The scientologists have done us a service. Their rebuttal campaign aimed at John Sweeney’s Panorama investigation is a foretaste – a particularly well-funded and well-produced foretaste – of the feedback firestorm beginning to engulf all of Big Journalism.
Good. Journalists and audiences have to get used to the new world.
The story so far. The latest Panorama (which you can click here to watch) began life as a John Sweeney investigation into Scientology. It’s not the first time Panorama have been here; they looked at the religion in 1987. Many of John Sweeney’s allegations were familiar, though his evidence was more up to date and more compelling.
But the film turned into a report on a report on a report. Panorama put a reporter, producer and crew into the field; the scientologists did the same… Panorama looking at Scientology’s methods and mores, Scientology looking at John Sweeney’s methods and mores.
The result; a Panorama film that told the story of a Panorama reporter’s reaction to the scientologists’ mirror. And a little bit about the scientologists too.

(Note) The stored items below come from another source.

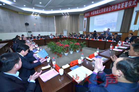 校长王焰新介绍了双方合作的主要内容。据介绍,双方将按照“资源共享、优势互补、互惠互利、协同发展”的原则,在资源开发、人才培养和交流、技术研发等领域开展全面、深入的政产学研用合作。一是共同开发好、利用好荆州的各类矿产资源。充分发挥学校在资源勘查开发领域的学科、人才优势和荆州市丰富的资源优势,协助荆州市人民政府做好资源勘查工作,制定资源综合开发利用的整体方案和实施规划,并根据荆州市的发展需要,为荆州卤水资源开发、旅游资源规划与开发、洪湖湿地保护、四湖流域水环境治理和水资源开发等提供技术和人才支持。二是采取双向挂职的方式加强人才交流。学校选派具有发展潜力且作为重点培养的青年教师和管理人员到荆州挂职锻炼,由荆州市安排挂任政府部门副职,并挂任企业副总。同时,学校将根据荆州市的人才需求状况,为荆州提供订单式人才培养,并为荆州在职工作人员提供各类长短期培训;荆州将为学校学生提供优质的实习、见习、实践条件,支持毕业生到荆州就业。三是按照利益共享的方式共同开展科研攻关。学校将为荆州市提供有关技术咨询、对关键问题开展研究,并根据研发需要由双方共同建立不同层次的技术开发中心、工程研究中心;荆州市将支持我校教师、科研人员到地方领衔创办企业或以科技成果入股形式进入企业,共同深化科技体制改革,提高科技成果转化水平和产业化水平,使我校为服务荆州产业升级、促进荆州地方经济发展做出更大贡献。双方还将成立校市合作领导小组,由双方主要领导及相关部门负责人担任小组成员,负责领导、组织、协调和解决合作中的各种问题。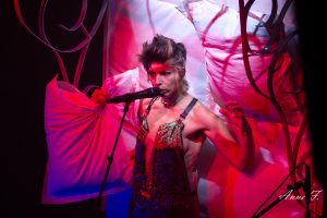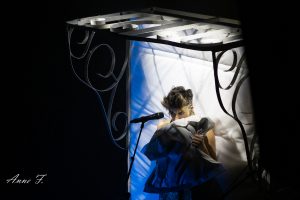 Chaque morceau est ponctué d’une petite histoire qui, avec humour, renforce la proximité avec le public. De même, au rappel, sur Jalouse, une spectactrice monte sur scène pour aller chanter dans le lit qui sert de décor.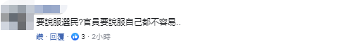 对此,有岛内网友表示,“要说服选民?官员要说服自己都不容易。”↓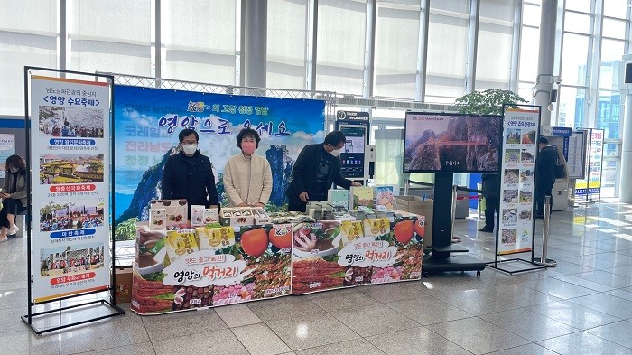 | ▲ 영암군, 광주송정역 2층 대합실에 마련된 영암군 부스에서 관광 및 농수축산물 홍보 / 사진=영암군 제공 |

In the end, (depending on your point of view) either John Sweeney cracked or, as he explained it in the programme, he asserted his authority, leaning heavily on a prior thespian persona in “Oh What a Lovely War” (Joan Littlewood, you have much to answer for). Either way, he shouted a lot and links to the clip of 'the moment', posted to YouTube by a scientologist blogger, spread through e-mail networks faster than Staph A on a lukewarm Petri dish.
And the scientologist onslaught was multimedia; they handed out copies of their counter-film to BBC staff on Monday morning and posted it on an elegant and well-designed website which broadened the attack onto the BBC in general.
This is how it is now and will be more so in days to come. And it's not a bad thing for Big Journalism. OK, so not everyone in journalism's many audiences has the resources, time, commitment and Tom Cruise/John Travolta on the books. But almost everyone has a mobile phone, a digital camera, the ability to record audio, blog, join networks... do much more to just tell the editor what they think of the journalism they use or experience.
And if you doubt the power of the audience... look what happened to Eason Jordan, Dan Rather and Judith Miller.
It's uncomfortable... IF you're used to the old one-to-many lecture that journalism used to be. But the reason it's to be welcomed is that it will improve journalism; perhaps even raise our trust in what journalists tell us.
After all, if the argument for investigative journalism is that things done in the light are done with more integrity and accountability than things done in the dark... then the argument for investigating journalism - for audiences and those journalism puts in the news to investigate journalism - is unanswerable. Journalism that has integrity and honesty in the first place has nothing to fear.
Postscript: one of the many other features of this new world is the maxim - 'nothing is ever finished, it's just the latest version'. Within hours of the 'Sweeney moment' being posted to YouTube this 'tweaked' version joined it.